Description
There is often a phenomenon of mixed English words in Chinese context in our daily communication and it is called Code-switch. Code-switch is a common language phenomenon, but it is one of the most difficult challenges faced by current automatic speech recognition technology. The difficulties of speech recognition among multiple languages are mainly manifested as below: Owning to the mother tongue accent, the mixing words often have serious non-native accent phenomenon; the differences between the phoneme components of different languages brings great difficulty to the hybrid acoustic modeling; and the mixed audio training data with annotations is extremely rare in the market. Combining the above difficulties, this competition builds three tracks for all the participants.
- Track1: traditional speech recognition with fixed language model;
- Track2: traditional speech recognition with open language model;
- Track3: end-to-end speech recognition.
All the data of this competition will be provided by Data tang.
Data Introduction
Data tang will provide [500 Hours Mandarin Speech Data] and [200 Hours of Chinese & English Mixed Speaking Speech Data]. English only data will use data from Librispeech. Participants are only allowed to use these speech data for model training, system setup and data augmentation. This competition does not support to use any other data.
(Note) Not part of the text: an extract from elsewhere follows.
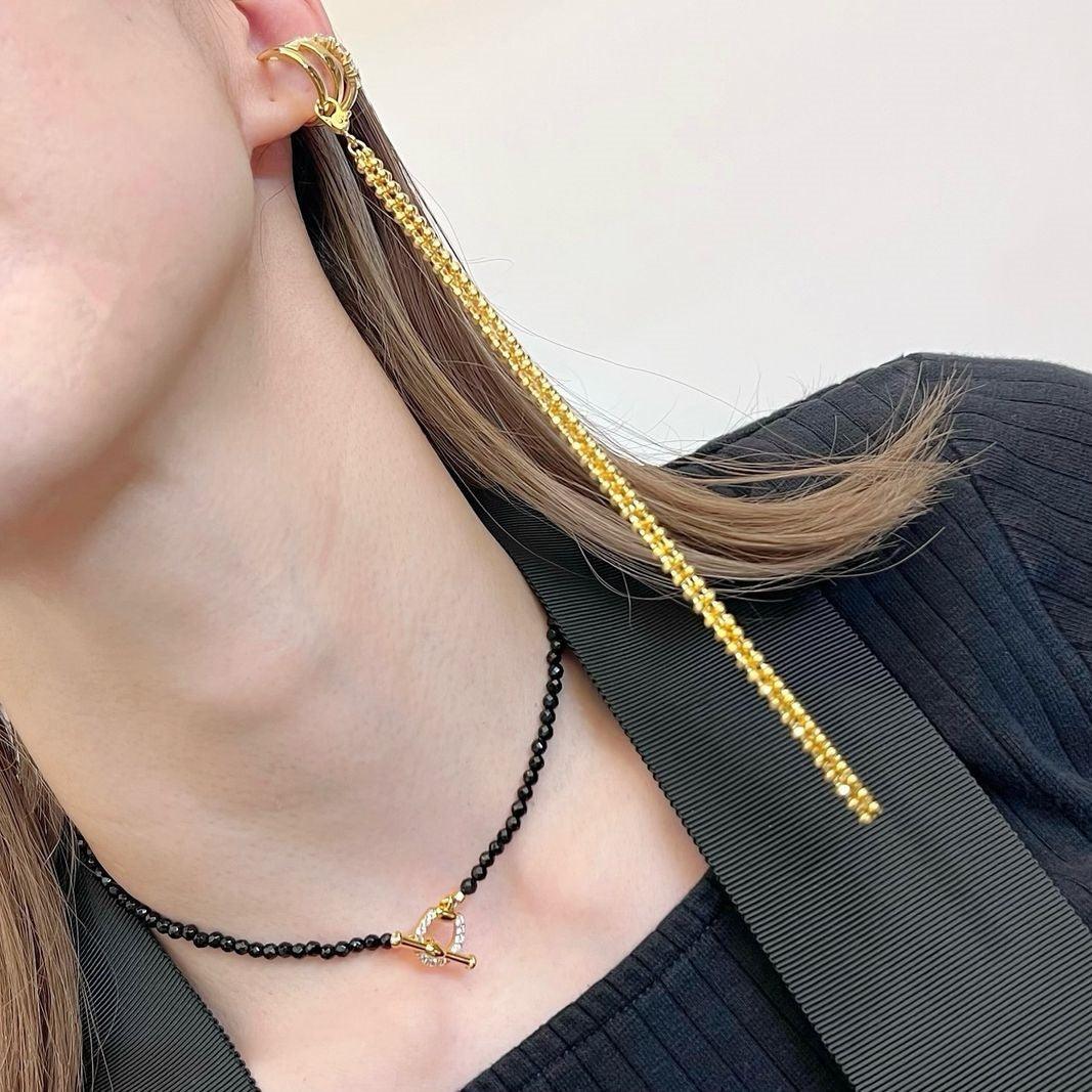 A chandelier of night club. It's decorated with gemstones to express paparazzi camera flash. The festive style makes your face look more gorgeous and pumps you up.*Single earring (left) *We give away the limited tassel chain with the same color as a free gift. (tassel chain can not be repaired) Gold finish is out of stock.

Specification of [500 Hours Mandarin Speech Data]
- Data Size: 500 Hours
- Format: 16 kHz 16bit,wav,Mono-Channel
- Recording Environment:
- Quiet indoor environment, including background noise that does not affect speech recognition
- Recording Content: Daily speaking sentences
- Population: Male and female equal distribution; 23% are aged younger than 20, 70% are aged from 21~30, 4% are aged from 31~40, 3% are older than 40; covering 33 provinces including Guangdong, Fujian, Shandong, Jiangsu, Beijing, Hunan, Jiangxi, etc.
- Device: Android:iOS=9:1
- Language: Mandarin, Mandarin with accent.
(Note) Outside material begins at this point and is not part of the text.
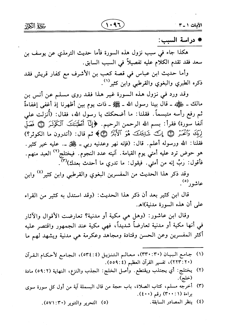 وقد ورد في نزول هذه السورة غير هذا فقد روى مسلم عن أنس بن مالك - رَضِيَ اللَّهُ عَنْهُ - قال بينا رسول الله - صَلَّى اللَّهُ عَلَيْهِ وَسَلَّمَ - ذات يوم بين أظهرنا إذ أغفى إغفاءةً ثم رفع رأسه متبسماً. فقلنا: ما أضحكك يا رسول الله، فقال: (أُنزلت علي آنفا سورة) فقرأ: بِسْمِ اللَّهِ الرَّحْمَنِ الرَّحِيمِ. (إِنَّا أَعْطَيْنَاكَ الْكَوْثَرَ (1) فَصَلِّ لِرَبِّكَ وَانْحَرْ (2) إِنَّ شَانِئَكَ هُوَ الْأَبْتَرُ (3)، ثم قال: (أتدرون ما الكوثر؟) فقلنا: الله ورسوله أعلم. قال: (فإنه نهر وعدنيه ربي - عَزَّ وَجَلَّ - عليه خير كثير. هو حوض ترد عليه أمتي يوم القيامة. آنيته عدد النجوم. فيختلج العبد منهم. فأقول: ربِّ إنه من أمتي. فيقول: ما تدري ما أحدث بعدك).

- Application Scenario: speech recognition; machine translation; voiceprint recognition
- Annotation accuracy rate: Above 97%
Specification of [200 Hours of Chinese & English Mixed Speaking Speech Data]
- Data Size: 200 Hours
- Data Format: 16kHz,16bit,mono-channel,non-compression wav
- Recording Environment: Relatively quiet indoor environment without echo sound
- Recording Content: Daily speaking sentences, interaction category
- Population: Male and female equal distribution; 67% are aged younger than 25, 25% are aged from 26~40, 7% are aged older 40, covering seven China dialect areas, Northern Mandarin area, Wuyu area, Cantonese area, Yiyu area, Xiangyu area, Ganyu area.
- Device: Android, iOS
- Language: Mandarin
- Application Scenario: Speech recognition; machine translation; voiceprint recognition
- Annotation accuracy rate: Above 97%
Awards
Each Track has first, second and third prize, only one person will be honored for each prize.
- First Prize: 5000RMB
- Second Prize: 3000RMB
- Third Prize: 2000RMB
Notifications
- All the prize amounts mentioned above are tax included.
- Award assessment requires participants to provide materials and team members as required
Contest Steering Committee
- Xielei, Northwestern Polytechnical University
- Jialei, Baidu Voice Technology Department
- Chenwei, Sogou Voice Interaction Technology Center
- Zhang Shiliang, Alibaba Dharma
- Wangdong, Tsinghua University
- Hong Qingyang, Xiamen University
- Qian Yanzhen, Shanghai Jiao Tong University
- Xu Haihua, Nanyang Technological University
- Feng Qiangze, Datatang(Beijing) Technology Co., Ltd
- Wang Daliang, Datatang(Beijing) Technology Co., Ltd
Evaluation & Ranking
Track1 Result:
排名 | 团队名称 | CER in CH/WER in EN | MER in ALL |
第一名 | MobvoiASR | 4.04% 12.33% | 4.94% |
第二名 | Qdreamer | 3.85% 14.88% | 5.05% |
第三名 | 西南小宇宙 | 4.05% 15.43% | 5.28% |
第四名 | 苏州上下文人工智能技术研发团队 | 4.61% 14.33% | 5.66% |
第五名 | 京蓉语音 | 4.60% 15.06% | 5.74% |
第六名 | vivo语音识别 | 4.50% 16.63% | 5.81% |
第七名 | I2R | 4.95% 14.32% | 5.97% |
第八名 | Paopao | 5.22% 14.14% | 6.19% |
第九名 | SCUT-ASR | 5.43% 15.99% | 6.57% |
第十名 | royalflush | 5.18% 18.37% | 6.61% |
Track2 Result:
排名 | 团队名称 | CER in CH/WER in EN | MER in ALL |
第一名 | MobvoiASR | 3.74% 12.76% | 4.72% |
第二名 | Qdreamer | 3.89% 19.95% | 5.64% |
第三名 | 京蓉语音 | 4.56% 16.00% | 5.80% |
第四名 | royalflush | 4.50% 17.29% | 5.88% |
第五名 | vivo语音识别 | 4.57% 16.96% | 5.91% |
第六名 | I2R | 5.16% 15.22% | 6.25% |
第七名 | Aisg-xju | 5.77% 13.90% | 6.65% |
第八名 | NUS-HLT | 5.58% 15.85% | 6.69% |
第九名 | SCUT-ASR | 5.88% 13.75% | 6.74% |
第十名 | xmuspeech | 5.68% 17.85% | 7.01% |
Track3 Result:
排名 | 团队名称 | CER in CH/WER in EN | MER in ALL |
第一名 | WYHZ | 4.33% 18.95% | 5.91% |
第二名 | SJTU SpeechLab | 6.93% 24.35% | 8.82% |
第三名 | royalflush | 7.49% 21.40% | 9.00% |
第四名 | code-switcher | 7.38% 25.69% | 9.37% |
第五名 | ZFZ | 8.49% 24.56% | 10.24% |
第六名 | Qdreamer | 8.23% 33.32% | 10.96% |
第七名 | vivo语音识别 | 9.05% 32.21% | 11.57% |
第八名 | UVoice | 8.94% 41.60% | 12.48% |
第九名 | xmuspeech | 9.59% 37.20% | 12.59% |
第十名 | Aisg-xju | 10.44% 31.60% | 12.74% |